FDA approves targeted breast cancer drug
WASHINGTON — The Food and Drug Administration has approved a first-of-a-kind breast cancer medication that targets tumor cells while sparing healthy ones.
The drug Kadcyla from Roche combines the established drug Herceptin with a powerful chemotherapy drug and a third chemical linking the medicines together. The chemical keeps the cocktail intact until it binds to a cancer cell, delivering a potent dose of anti-tumor poison.
Cancer researchers say the drug is an important step forward because it delivers more medication while reducing the unpleasant side effects of chemotherapy.
“This antibody goes seeking out the tumor cells, gets internalized and then explodes them from within. So it’s very kind and gentle on the patients — there’s no hair loss, no nausea, no vomiting,” said Dr. Melody Cobleigh of Rush University Medical Center. “It’s a revolutionary way of treating cancer.”
Cobleigh helped conduct the key studies of the drug at the Chicago facility.
The FDA approved the new treatment for about 20 percent of breast cancer patients with a form of the disease that is typically more aggressive and less responsive to hormone therapy. These patients have tumors that overproduce a protein known as HER-2. Breast cancer is the second most deadly form of cancer in U.S. women, and is expected to kill more than 39,000 Americans this year, according to the National Cancer Institute.
The approval will help Roche’s Genentech unit build on the blockbuster success of Herceptin, which has long dominated the breast cancer marketplace. The drug had sales of roughly $6 billion last year.
Genentech said Friday that Kadcyla will cost $9,800 per month, compared to $4,500 per month for regular Herceptin. The company estimates a full course of Kadcyla, about nine months of medicine, will cost $94,000.

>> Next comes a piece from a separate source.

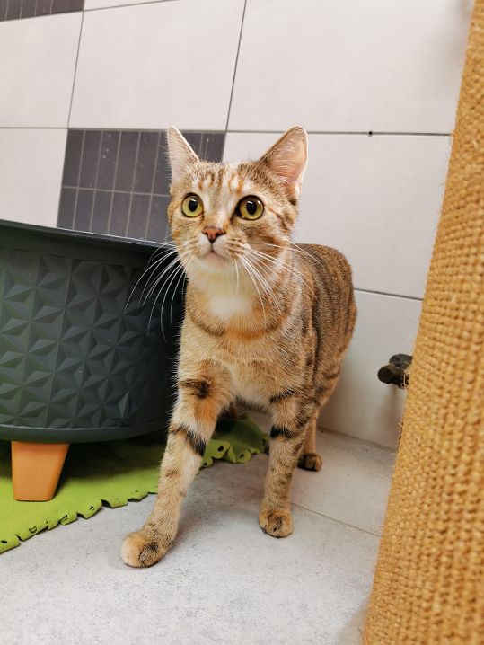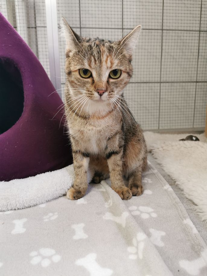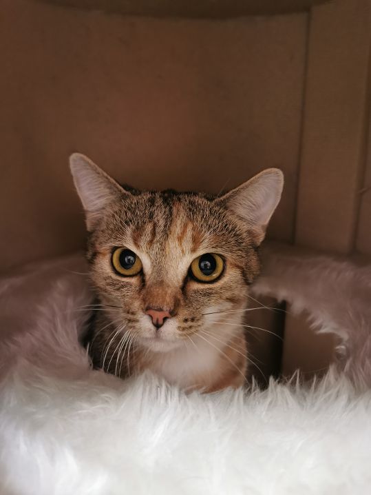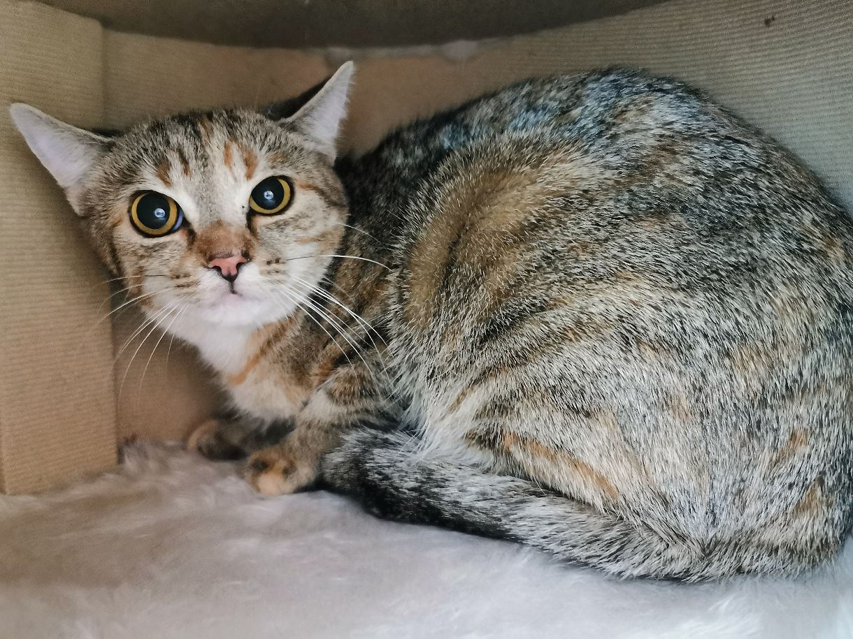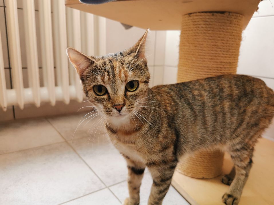 Und so kam das Unglücksfellchen Spirelli wieder zurück ins Tierheim. Jetzt musste sie ja auch noch von ihren Artgenossen isoliert werden, um sie nicht anzustecken, und so saß Spirelli alleine und schüchtern im Tierheim – ihre kleine Welt war aus den Fugen geraten. Aber die kleine getigerte Jungkatze ließ sich so schnell nicht unterkriegen und fasste nach ihrer ersten Verwirrung rasch Vertrauen zu den Menschen. So genoss sie bald die Streicheleinheiten und Zuwendung, die sie von den Zweibeinern bekam, wurde anschmiegsam und verschmust und beschäftigte sich mit viel Geschick mit allerlei Katzenspielzeug. Wenn es dann noch um Leckerchen ging, war das aufgeweckte Katzenmädel für jede Aufgabe zu haben. Alle mochten die kleine Fellnase sehr, aber alle machten sich Gedanken, denn Mitarbeiter und Ehrenamtler wussten, dass eine Vermittlung nicht einfach werden würde. So hofften und bangten wir……

FDA scientists said they approved the drug based on company studies showing Kadcyla delayed the progression of breast cancer by several months. Researchers reported last year that patients treated with the drug lived 9.6 months before death or the spread of their disease, compared with a little more than six months for patients treated with two other standard drugs, Tykerb and Xeloda.
Overall, patients taking Kadcyla lived about 2.6 years, compared with 2 years for patients taking the other drugs.

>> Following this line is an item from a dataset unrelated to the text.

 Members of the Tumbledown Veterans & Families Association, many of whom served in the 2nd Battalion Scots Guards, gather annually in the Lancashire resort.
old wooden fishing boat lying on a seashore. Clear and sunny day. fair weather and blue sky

FDA specifically approved the drug for patients with advanced breast cancer who have already been treated with Herceptin and taxane, a widely used chemotherapy drug.
Kadcyla will carry a boxed warning, the most severe type, alerting doctors and patients that the drug can cause liver toxicity, heart problems and potentially death. The drug can also cause severe birth defects and should not be used by pregnant women.
Kadcyla was co-developed by South San Francisco-based Genentech and ImmunoGen Inc., of Waltham, Mass. ImmunoGen developed the technology that binds the drug ingredients together and is scheduled to receive a $10.5 million payment from Genentech on the FDA decision. The company will also receive additional royalties on the drug’s sales.
Shares of ImmunoGen Inc. slipped 8 cents to $14.22 in afternoon trading. They have traded in a 52-wek range of $10.85 to $18.10.